Koi Dealer Inventory Management: Stock Tracking, Quarantine Records, and Arrival Logs
How koi dealers can manage fish inventory with stock tracking systems, quarantine records, arrival and departure logs, and customer documentation.
Koi dealers face inventory management challenges unique to live animal retail. Fish cannot be barcoded and shelved. They change in appearance as they grow. They require ongoing care costs whether sold or not. And a disease event in a holding pond can wipe out weeks of inventory investment. Systematic records are what separate profitable koi dealers from ones who cannot explain where their margin went.
Arrival Logs
Every batch of fish arriving from a farm or auction should be documented: the source, the arrival date, the number of fish by variety and size grade, the purchase price per fish or per batch, and the initial health observation on arrival. Note the water temperature at origin versus your holding system to flag temperature acclimation risk. Weigh or measure a sample of fish in each lot to establish baseline size data.
Quarantine Records
Incoming fish should enter a quarantine system separate from your display or selling ponds for 3 to 4 weeks minimum. Document: the quarantine pond or tank the fish entered, the salt concentration maintained, daily health observations, any treatments applied, and the date of clearance into the main stock. Fish that do not pass quarantine should not enter the main stock. Mixing an unsound fish into a display pond is an easy way to trigger a disease event that affects your entire inventory.
Stock Tracking
Maintain a current count of fish by variety, size category, and pond location. Update it when fish sell, when fish are moved, and when mortality occurs.
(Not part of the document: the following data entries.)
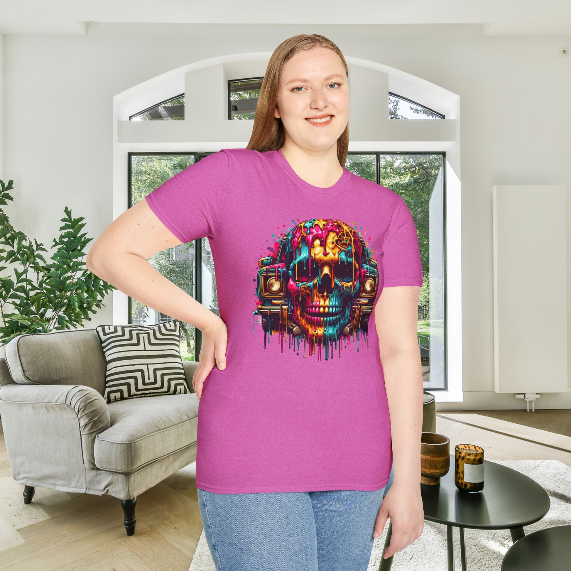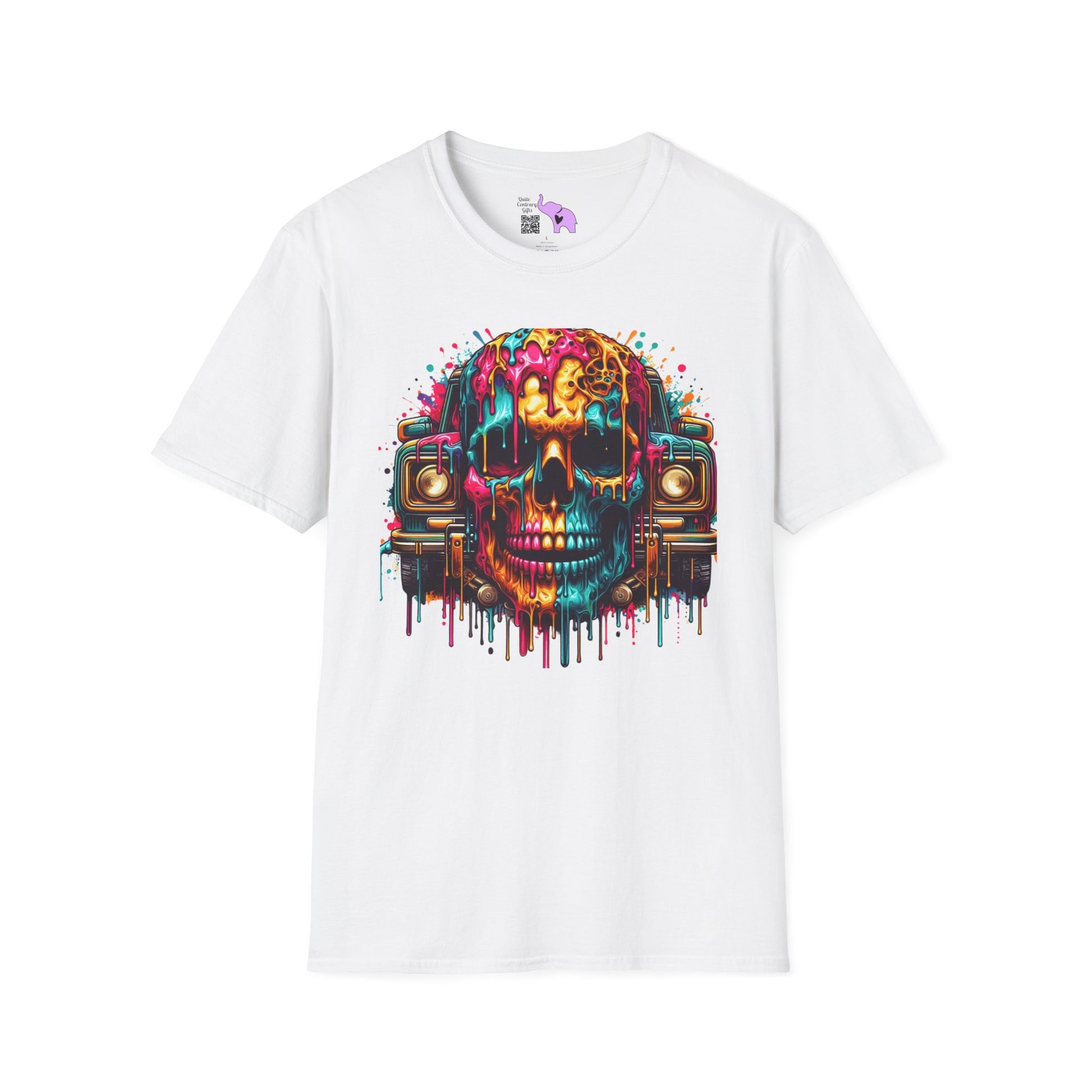 Colorful Skull & Car Adult T-shirt
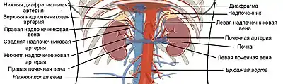 Надпочечник кровоснабжают три надпочечниковые артерии: верхняя надпочечниковая артерия (лат. arteria suprarenalis superior) — ветвь нижней диафрагмальной артерии (лат. arteria phrenica inferior), средняя надпочечниковая артерия (лат. arteria suprarenalis media) — ветвь брюшной аорты, и нижняя надпочечниковая артерия (лат. arteria suprarenalis inferior) — ветвь почечной артерии (лат. arteria renalis).[3]
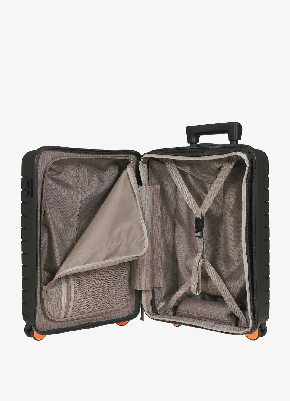Trolley de cabine extensible avec poche issu de la collection Ulisse B|Y Bric’s. Fonctionnel et au look moderne, ce trolley avec poche est idéal par exemple pour les besoins d’un voyage d’affaires. Ce bagage est doté d’une grande robustesse et d’un design sophistiqué grâce à la combinaison entre le polypropylène de la coque externe et le tissu souple mais résistant avec lequel est construite la poche avant, qui révèle une poche rembourrée pour PC et tablette, avec bande de protection. EXTÉRIEUR : coque réalisée en polypropylène pour garantir légèreté, flexibilité et résistance maximales, avec poche avant zippée pour ranger tous les objets à toujours garder à portée de main. Fermeture à glissière avec cadenas TSA à combinaison intégré dans la coque. Zip pour augmenter la profondeur du trolley de 4 cm si nécessaire. POIGNÉE : poignée de traction pratique et fonctionnelle avec tubes en aluminium, dotée de trois positions d’arrêt intermédiaire activables au moyen d’un bouton poussoir. La poignée supérieure est plate et ergonomique.INTÉRIEUR : compartiment avec zip et poche plate à filet d’un côté, bandes pour bloquer les habits de l’autre. Doublure en polyester souple. Poche dédiée contenant une pochette amovible et lavable pour y ranger les chaussures ou le linge.ROUES : quatre roues doubles encaissées pour optimiser le volume du bagage, permettant une rotation aisée à 360°, très silencieuses grâce à leur revêtement en caoutchouc. DÉTAILS : design extérieur caractérisé par un bas-relief d’inspiration urbaine, le même design est répété sur la doublure interne. Détails siglés sur la tirette, sur la poignée de levage et sur les roues, ton sur ton avec la couleur de la coque. Porte-adresse intégré. B|Y. Be Young. Be Bric's.
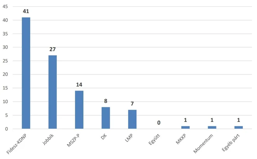 A választókerületben a Fidesz–KDNP a teljes népesség 20 százalékának támogatását tudhatja maga mögött. Helyben is a Jobbik a legerősebb ellenzéki párt, a választókerület jogosultjainak 13 százaléka szavazna rájuk egy jövő vasárnapi országgyűlési választáson. 7 százalékon áll az MSZP, míg a DK-t a teljes népesség 4 százaléka támogatja. Az LMP 3 százalékon áll. A választókerületben elképesztően magas, 30 százalékos a részvételi hajlandóságot mutató, de jelenleg szilárd pártpreferenciával nem bíró választók aránya. A preferenciájukat titkoló szavazók aránya is kiemelkedő, 17 százalék.
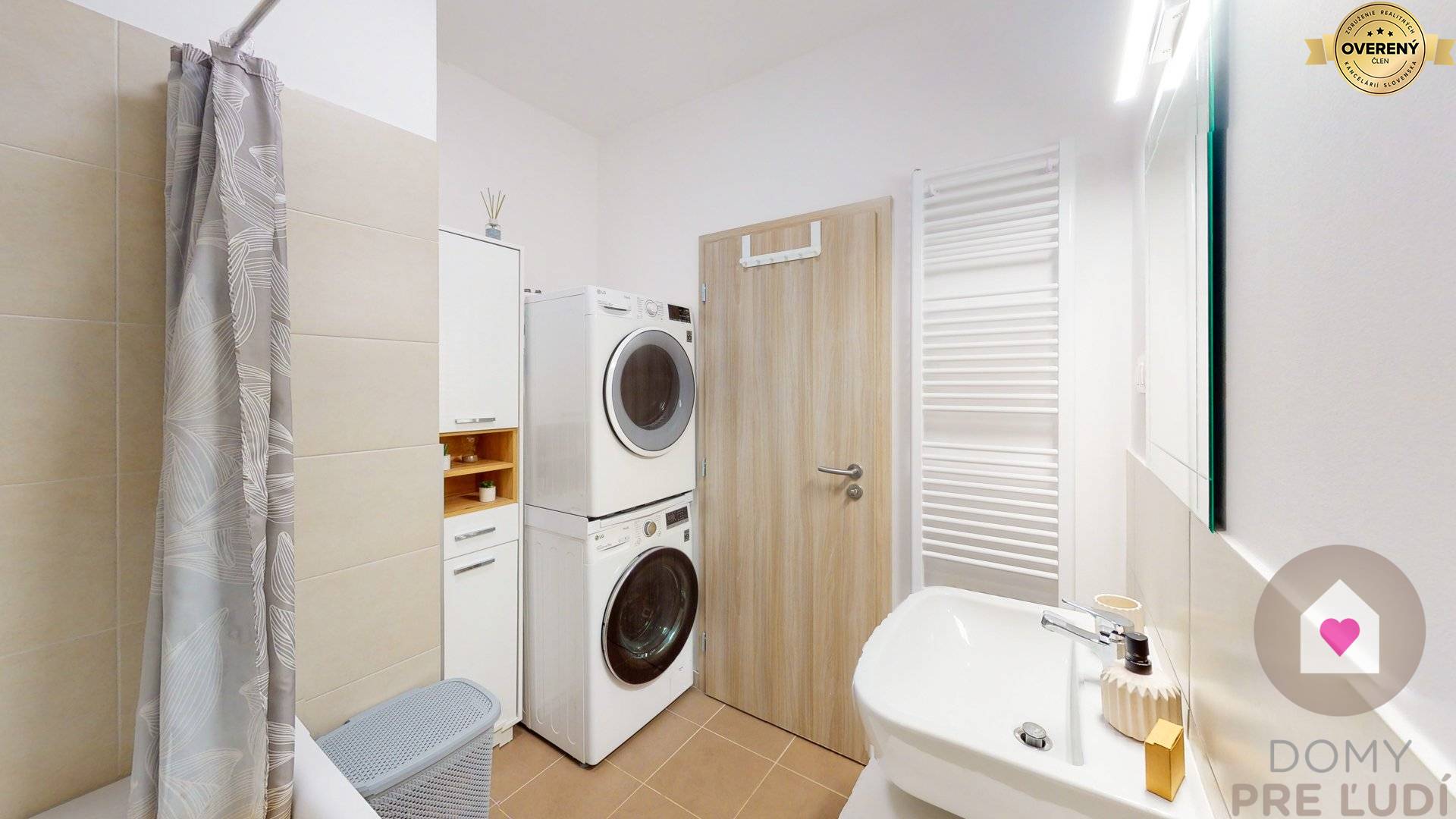 - Geräumiges Badezimmer mit Badewanne, Waschbecken, Waschmaschine und Trockner (LG)

A live count weekly or biweekly forces accountability. For premium fish, assign individual records with photographs for identification. A named Kohaku or Showa with good lineage documentation is worth substantially more than an unnamed fish of similar quality.
Departure and Sales Logs
Document every sale with the buyer's contact information, the fish sold, the price, the date, and the method of transport. If you provide a health guarantee, document the terms. Sales logs are necessary for both financial tracking and for answering customer questions about fish they purchased from you months or years later.